Little did I know when I wrote my last column, the horrible events that were to come. I remember the nostalgic trip I had to Waynedale for the birthday party and the old songs that brought tears to my eyes. Little did I know then, that that would be the beginning of the end of the life of security as we knew it.

The news of the attacks came to me via phone, the day after the birthday party for my mother. I was alone at our lake house asleep at 8:50 AM, and was annoyingly awakened by a phone call which I ignored through three sets of incessant ringings. Finally, I got up and stumbled to the phone, hearing my husband on the other end telling me of the attack on the United States. It is hard to get my brain in order when just awakening, but I turned on the TV and saw the second plane tear through the World Trade Center. I don't think I left the TV for the next two days, and although I was there a week, sat in stunned disbelief staring at the TV, never going out on the boat until the last day. The horrible reality took a strange form. It seemed like watching a long winding row of dominos tumble. One thing led to another. I kept thinking of my dad, who was a Waynedale fireman, and that all the firemen who belonged to the Waynedale Fire Dept. were standing in heaven with all the other fallen firefighters welcoming their heroic comrades into heaven. I watched, as the rest of you did, as the rescue crews unceasingly worked in vain to find victims and as the days went by, realizing that the news was increasingly dim for any survivors. I felt the same surge of patriotism that mushroomed throughout this country.

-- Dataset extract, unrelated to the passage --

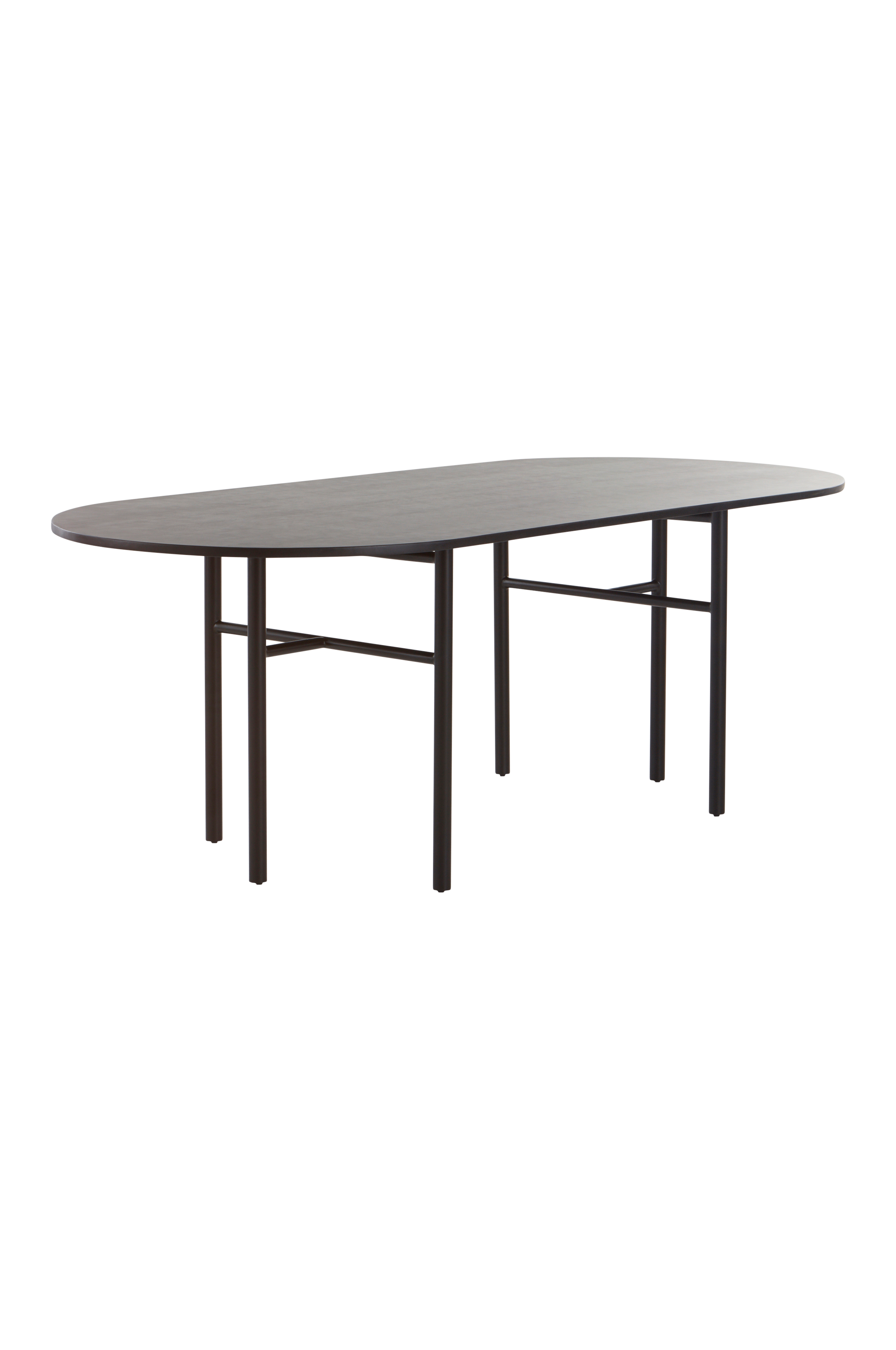 Ellipsformat matbord med bordsskiva av mangoträ och underrede av järn. Bordet har mattsvart finish, på både trä och metall. De smäckra benen ger bordet en lätt och luftig känsla som tillsammans med en rustik bordsskiva skapar perfekt harmoni. Ellipsformen ger behaglig sittning vid middagen där alla blir delaktiga i måltiden och du får samma gemenskap som vid ett runt bord. Viss montering krävs. Monteringsanvisning medföljer.

Everywhere I looked, American flags quickly emerged: on cars, on trucks, on houses, on storefronts, in windows, on motorcycles, in children's hands, and on shopping carts. We became a united America in a way that I have never seen in my lifetime. We have always been fragmented in this way or that. But as the horror of the godless infidels' act became a reality in stunned minds, we were as one. The one thing I want to emphasize in my column today, is that these evil criminals are not of God. They are cowards of the most sinister kind. They hide behind the cloak of God, but they know only satanic acts. Perhaps this is to be a holy war, but the holiness does not lie with the infidels. It lies with all the good people who fly the American flag, pray to one God, give to all the relief agencies, and ban together as one. It lies with all the Americans who now aspouse no political party, who sing with one voice, who exhibit the kindness and the heroism the likes of which I have never seen. I am grateful for those who readily came to America's side as allies. Some we expected and some were doubtful. This heinous crime touched even the remotest of hearts. All except the evil, foul, villainous, hate-filled, monsters who defiled humankind. For this, there is an answer, and it will come. It will come from our God who has been spat upon, and whose name has been taken in vain. We sang the Battle Hymn of the Republic at my dad's funeral. Yes, that is the appropriate hymn that we now sing. I will never forget the funeral procession going by the Waynedale firehouse and the black wreath placed in Dad's honor there. A black wreath hangs on my door as grief for all the fallen firefighters, police officers, health care workers, and ordinary citizens who join in this extraordinary, exemplary effort to sort through every piece of wreckage, who comfort the grieving, who offer every assistance that they can give. At the time of this writing, I know of not one person who has passed up the opportunity to give in whatever way they can. For as united people, we give of our time, our money, our prayers, and our assistance to our loved ones. We need not have known them. We look around us, and we are them.